Of course it was hard for her family. Her wife loved her husband, but her husband was gone

She also doesn’t mention the alienation and isolation experienced by many young trans or gender variant people, who may not know anyone else like them. Or the challenges in accessing ‘mainstream’ services or securing employment. Or the risk of death: 27 trans women, all of whom were BAME, were recorded as murdered last year in the US. It’s only the beginning of March and already seven trans women have been recorded as murdered in 2017 alone, again, all BAME.

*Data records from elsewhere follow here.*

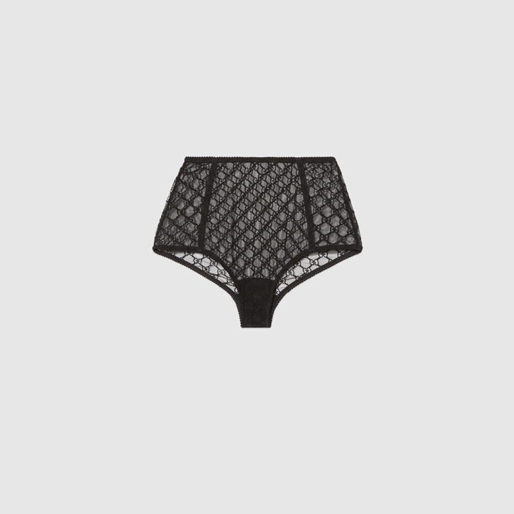 Style 661058 XUACO 1000 Crafted from black embroidered GG tulle, These briefs embody what The Creative Director described as a “beautiful cliché of sexiness,” a concept explored throughout The latest collections With hints to The idea of freedom that fashion experienced in The ’90s.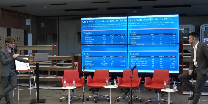 – Навидум, оваа бројка звучи дека е песимистичка односно многу долга, но постојат многу фактори кои можат да го забрзаат тој процес и тоа е пораката на која треба да се фокусираме како општество. Во рамки на истражувањето направени се неколку сценарија кои кажуваат дали овој период ќе се намали доколку имаме полноправно членство во Европската унија, имаме пристап до пазарот, имаме пристап до фондови или имаме продолжена институционална поддршка. Сите сценарија, особено во клучните области – економија, социјални политики и дигитализација, ни даваат јасна слика дека состојбите ќе се поместат многу, дури дел од нив ќе се преполоват, доколку имаме полноправно членство или пристап до европските фондови, вели Виктор Митевски, извршен директор на Здружението за истражување и анализи (ЗМАИ).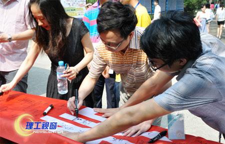 2011年 6月15日,在学校教务处的统一安排布置下, 黄岭校区基础教学部学工办和教学办在图书馆外举行了“诚信应考 反对作弊”为主题的签名活动。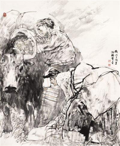 幾十年如一日的外出寫生,讓我對如何用筆墨去反映生活感受也有點(diǎn)滴體會。中國幅員遼闊,風(fēng)光各異,藝術(shù)感覺也隨之變化。我長期生活在北方,每年都會深入北方農(nóng)村生活一段時間。改革開放初期,在浙江美術(shù)學(xué)院學(xué)習(xí)時,我得以有機(jī)會去云南瑞麗傣族地區(qū)深入生活。我感到用表現(xiàn)河北農(nóng)民慣用的以墨為主的方法,表現(xiàn)不出自己在云南感受到的形象,一開始畫出的肖像畫,總不是那種“味兒”。經(jīng)過一段時間摸索,我開始注意墨與色的關(guān)系,想到應(yīng)用水分的方法,去描繪人物特有的外在特征和內(nèi)心世界,最終畫出了滿意之作。后來,我又去青海藏族地區(qū)深入生活,那里的人和物與在南方見到的又完全不同,如果用表現(xiàn)云南傣族所慣用的筆墨去表現(xiàn)藏族人民,肯定又是行不通的,進(jìn)而我又探索出一套嶄新的筆墨語言:以凝重的線為主、色彩為輔,吸收山水畫皴法等技法,深入刻畫藏族人民的性格。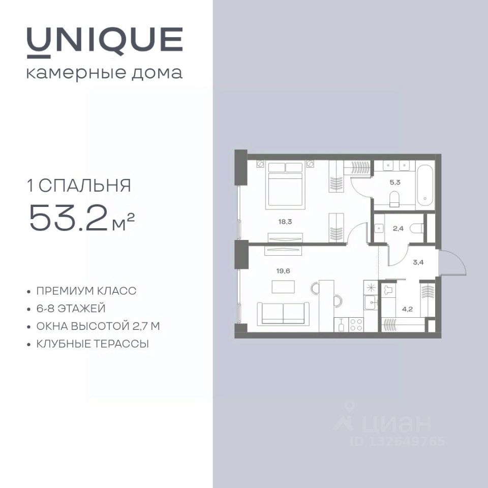 Продается 1-к. квартира квартира номер 840 общей площадью 53.2 кв.м. на 2-м этаже 8 этажного дома, корпус UNIQUE (премиум-класс). Без отделки.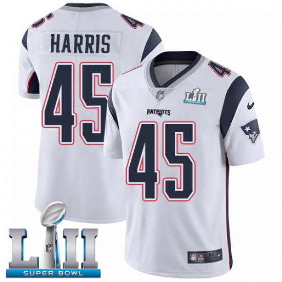 Men's Nike New England Patriots #45 David Harris White Vapor Untouchable Limited Player Super Bowl LII NFL Jersey

As a feminist, I want my feminism to always be inclusive. This means welcoming self-defining women into our spaces: our safe spaces. It means mutual respect, while also recognising people’s different journeys and experiences. But, ultimately, it’s about support and solidarity in a culture that still sees the ‘female’ as weak, shameful and lesser. Murray has missed an opportunity to amplify trans women’s voices, struggles and successes. Anyone beginning a sentence, “I’m not a racist/TERF/misogynist/insert other oppressor here, BUT…” leaves the lingering impression that this is exactly what they are. To hear this from Murray, a woman who has such a powerful platform and is a purported champion of women’s rights, is disappointing in the extreme.

The image of the top of the page is a colour head and shoulders shot of Jenni Murray. She has ‘bronde’ hair and rectangular glasses perched on the edge of her nose. Picture taken by NHS Employers, shared under a Creative Commons licence.